Amend the Articles of Association of Tuojing Technology Co., Ltd. (hereinafter referred to as the "Articles of Association") and handle the registration of the change of the company's registered capital;

(9) Authorize the board of directors to handle matters related to the change and termination of the incentive plan in accordance with the provisions of the company's 2025 restricted stock incentive plan, including but not limited to canceling the attribution qualifications of the incentive recipients and canceling the restricted shares that have not yet vested the incentive recipients;

(10) Authorize the board of directors to manage and adjust the company's restricted stock incentive plan, and formulate or revise the management and implementation regulations of the plan from time to time under the premise of consistency with the terms of the incentive plan. However, if any amendment is required by law, regulation or relevant regulatory authority to be approved by a general meeting of shareholders or/and the relevant regulatory authority, such amendment by the Board of Directors must be approved accordingly;

(11) Other necessary matters necessary to authorize the board of directors to implement the restricted stock incentive plan, except for the rights that are expressly provided for in the relevant documents to be exercised by the general meeting of shareholders.

2. Submit to the general meeting of shareholders of the company to authorize the board of directors to go through the procedures of approval, registration, filing, approval and consent to the relevant governments and institutions for the equity incentive plan; Signing, executing, revising and completing documents submitted to relevant governments, institutions, organizations and individuals; Amend the Articles of Association and register the change of the company's registered capital; and to take all actions that it deems necessary, appropriate or appropriate in connection with this incentive program.

3. Propose to the general meeting of shareholders to authorize the board of directors to appoint financial advisers, receiving banks, accountants, lawyers, securities companies and other intermediaries for the implementation of the incentive plan.

4. Submit to the general meeting of shareholders of the company for approval, and the period of authorization to the board of directors is consistent with the validity period of the incentive plan.

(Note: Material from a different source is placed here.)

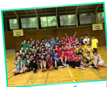
3キャン合同夏合宿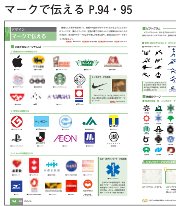
マークで伝える P.94・95

5. Among the above-mentioned authorized matters, in addition to the laws, administrative regulations, rules of the China Securities Regulatory Commission, normative documents, the equity incentive plan or the articles of association of the company, other matters that need to be passed by the resolution of the board of directors shall be submitted to the general meeting of shareholders of the company to authorize the board of directors, and the board of directors of the company shall further authorize the chairman of the board of directors or the appropriate person authorized by the board of directors of the company to exercise.

Shareholders who intend to be the incentive recipients of the 2025 restricted stock incentive plan and shareholders who are related to the incentive recipients abstain from voting on this proposal.

Shareholders and their proxies are invited to deliberate.